- [RECORDS FOR PROCESSING]:
────────

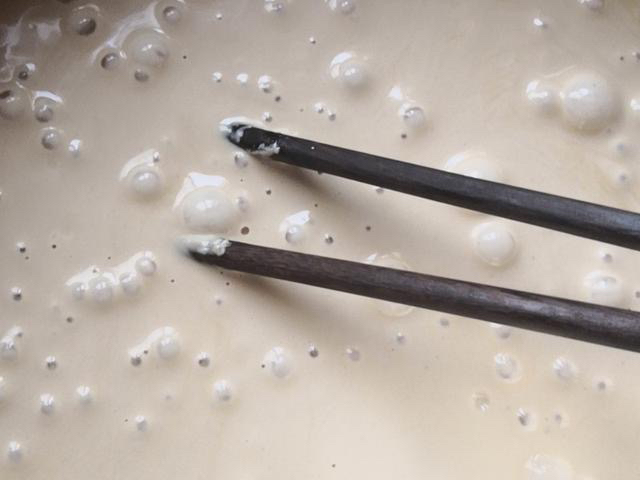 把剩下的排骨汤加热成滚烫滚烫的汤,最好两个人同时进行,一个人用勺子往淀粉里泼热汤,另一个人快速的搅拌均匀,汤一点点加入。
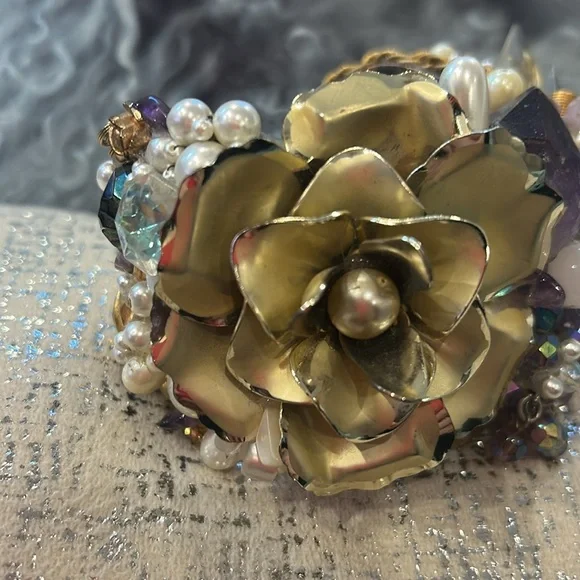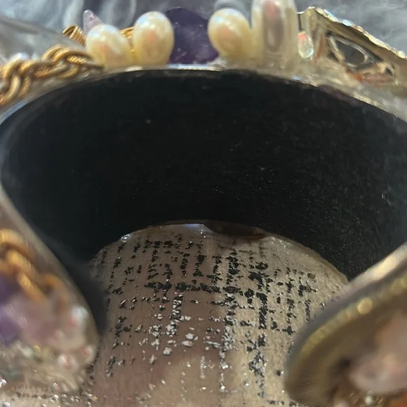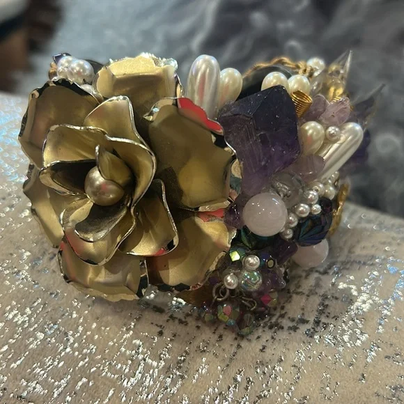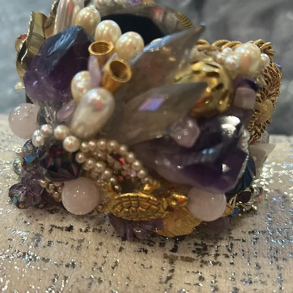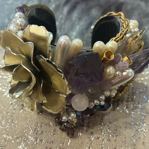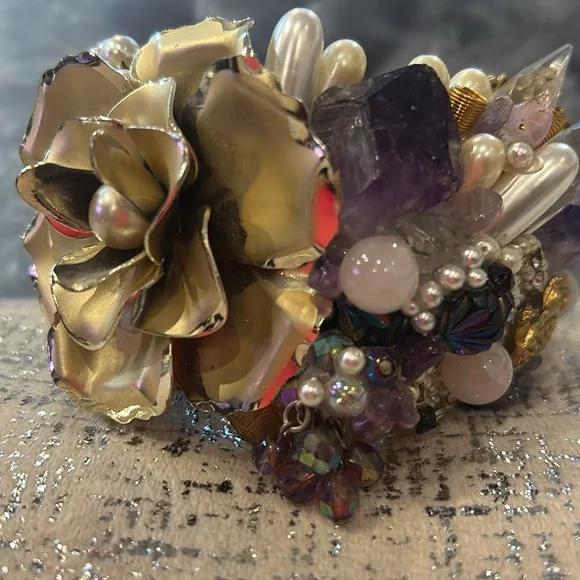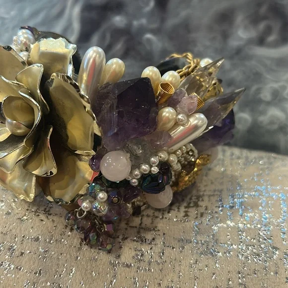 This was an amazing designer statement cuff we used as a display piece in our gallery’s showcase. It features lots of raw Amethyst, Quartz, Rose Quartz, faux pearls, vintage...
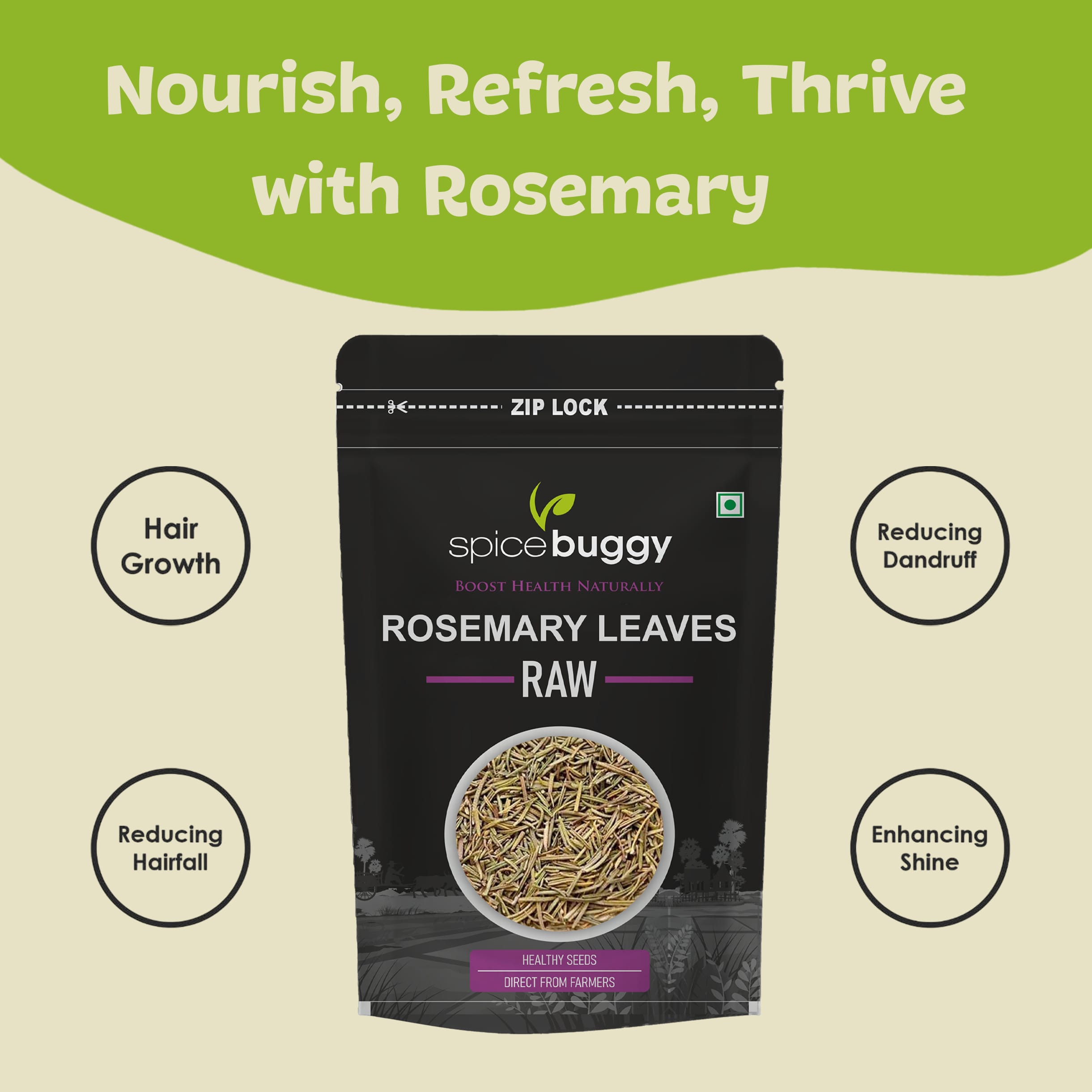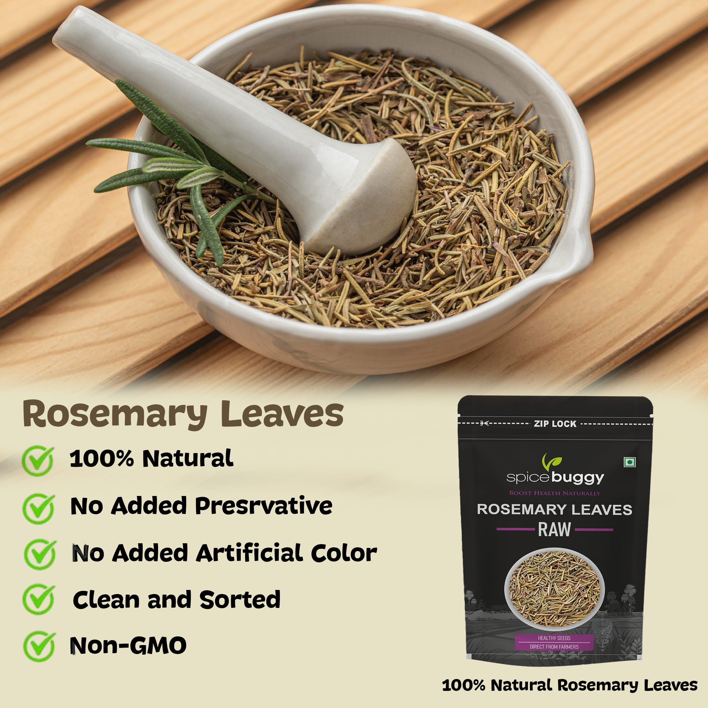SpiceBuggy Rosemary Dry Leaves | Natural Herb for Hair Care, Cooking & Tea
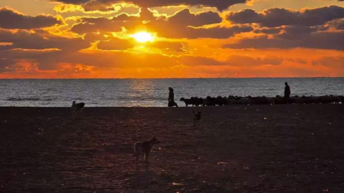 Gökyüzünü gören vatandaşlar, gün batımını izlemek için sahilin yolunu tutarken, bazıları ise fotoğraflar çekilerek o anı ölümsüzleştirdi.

────────

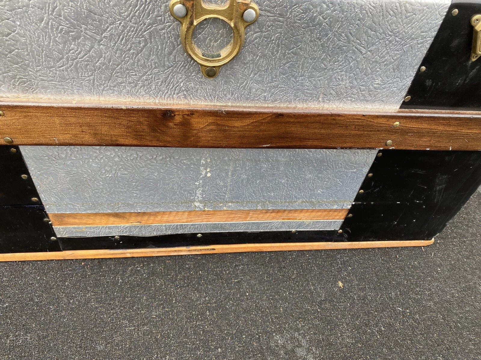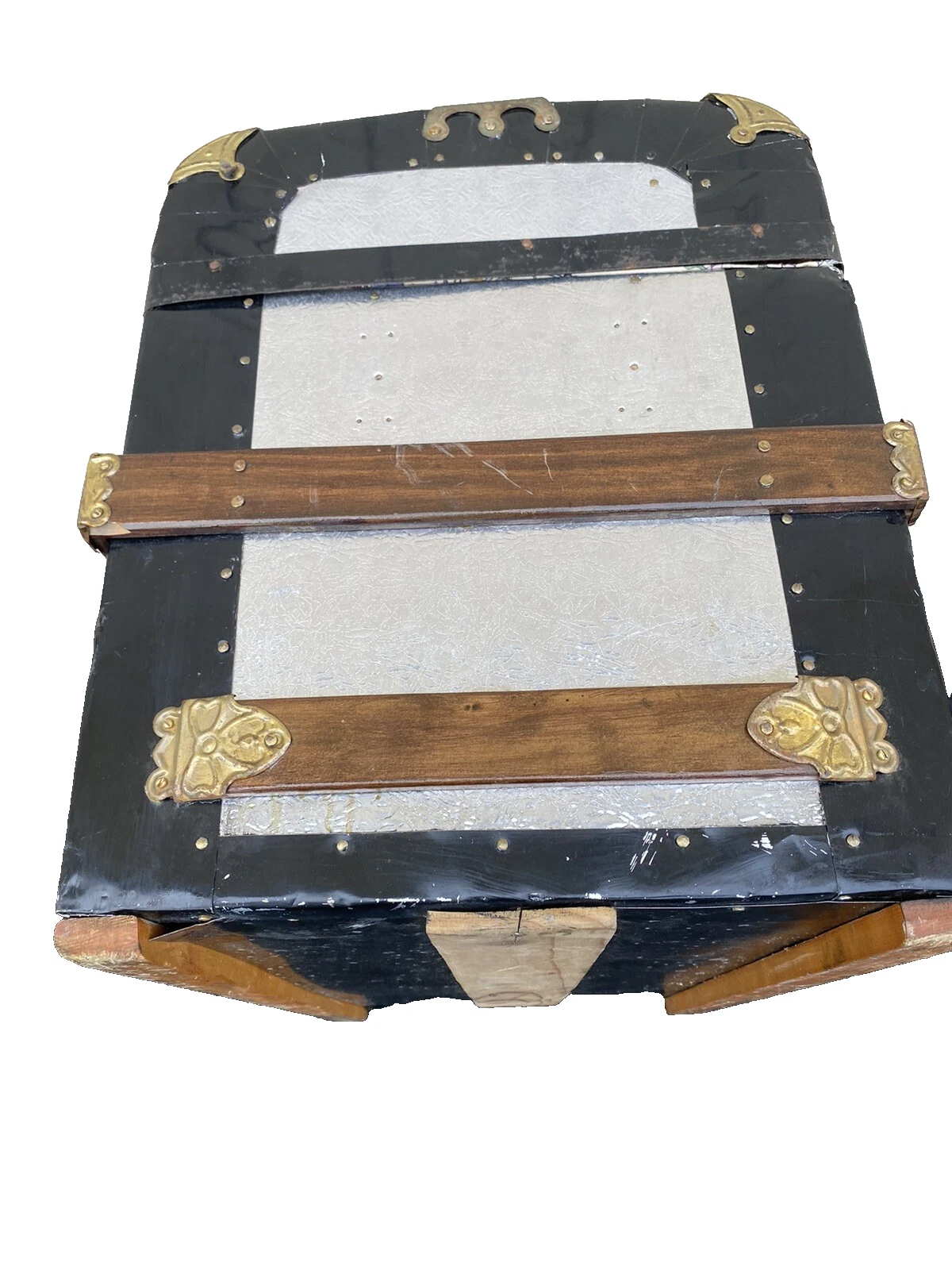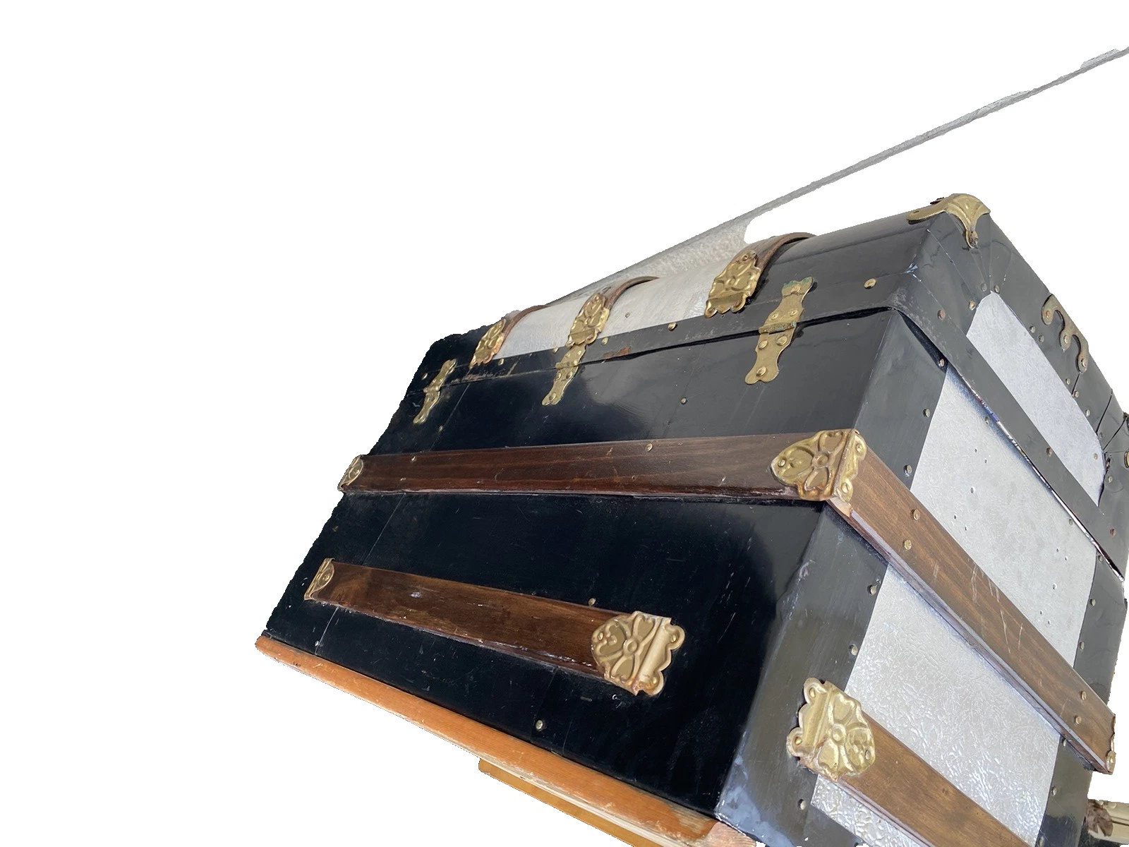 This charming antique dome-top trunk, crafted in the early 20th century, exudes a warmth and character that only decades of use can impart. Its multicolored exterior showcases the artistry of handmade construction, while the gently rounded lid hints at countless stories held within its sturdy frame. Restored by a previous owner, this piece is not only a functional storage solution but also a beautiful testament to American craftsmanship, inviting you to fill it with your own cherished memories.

────────

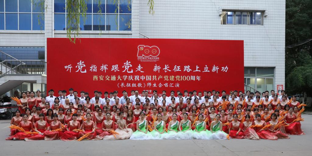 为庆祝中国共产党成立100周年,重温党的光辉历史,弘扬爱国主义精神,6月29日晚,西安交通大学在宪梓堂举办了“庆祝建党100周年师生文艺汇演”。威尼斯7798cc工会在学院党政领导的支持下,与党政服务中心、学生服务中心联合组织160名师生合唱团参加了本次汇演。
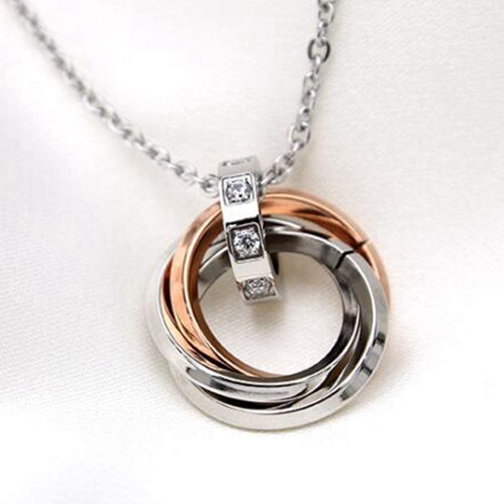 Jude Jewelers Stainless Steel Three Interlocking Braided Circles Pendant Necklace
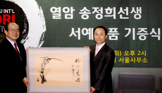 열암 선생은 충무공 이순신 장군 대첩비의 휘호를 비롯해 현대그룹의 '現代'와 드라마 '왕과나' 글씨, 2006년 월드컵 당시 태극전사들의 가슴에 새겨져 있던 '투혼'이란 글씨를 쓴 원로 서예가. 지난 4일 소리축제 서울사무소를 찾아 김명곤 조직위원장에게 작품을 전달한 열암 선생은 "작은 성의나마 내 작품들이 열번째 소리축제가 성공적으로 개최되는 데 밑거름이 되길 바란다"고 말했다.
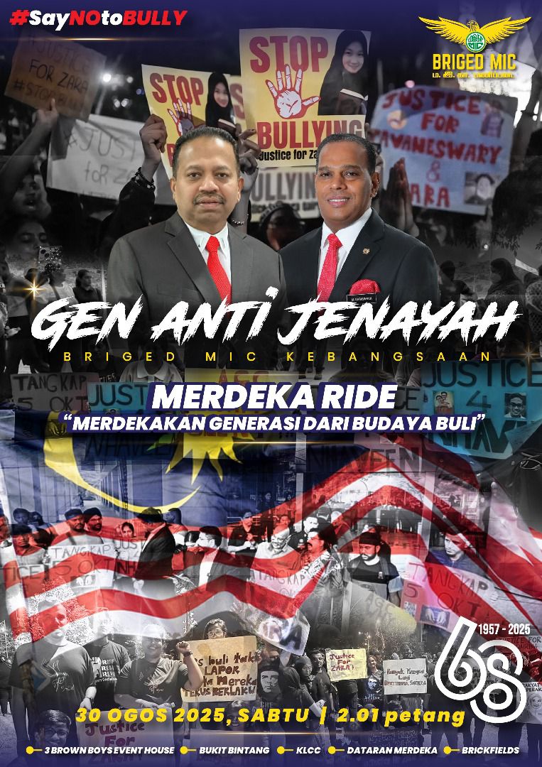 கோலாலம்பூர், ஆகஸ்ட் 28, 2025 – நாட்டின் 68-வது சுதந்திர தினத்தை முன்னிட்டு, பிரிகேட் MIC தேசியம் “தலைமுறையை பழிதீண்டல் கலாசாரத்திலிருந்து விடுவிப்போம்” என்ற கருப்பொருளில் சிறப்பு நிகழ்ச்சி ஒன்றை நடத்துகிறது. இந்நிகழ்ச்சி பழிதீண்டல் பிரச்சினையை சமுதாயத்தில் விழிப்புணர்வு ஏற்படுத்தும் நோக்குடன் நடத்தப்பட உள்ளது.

────────

- [TASK GOAL]: With the pictures omitted, restate word for word the lines above from the line that has "把剩下的排骨汤加热成滚烫滚烫" up to and including the line that has "SpiceBuggy Rosemary Dry", and no other lines.

- [SOLUTION BELOW]:
 把剩下的排骨汤加热成滚烫滚烫的汤,最好两个人同时进行,一个人用勺子往淀粉里泼热汤,另一个人快速的搅拌均匀,汤一点点加入。
 This was an amazing designer statement cuff we used as a display piece in our gallery’s showcase. It features lots of raw Amethyst, Quartz, Rose Quartz, faux pearls, vintage...
SpiceBuggy Rosemary Dry Leaves | Natural Herb for Hair Care, Cooking & Tea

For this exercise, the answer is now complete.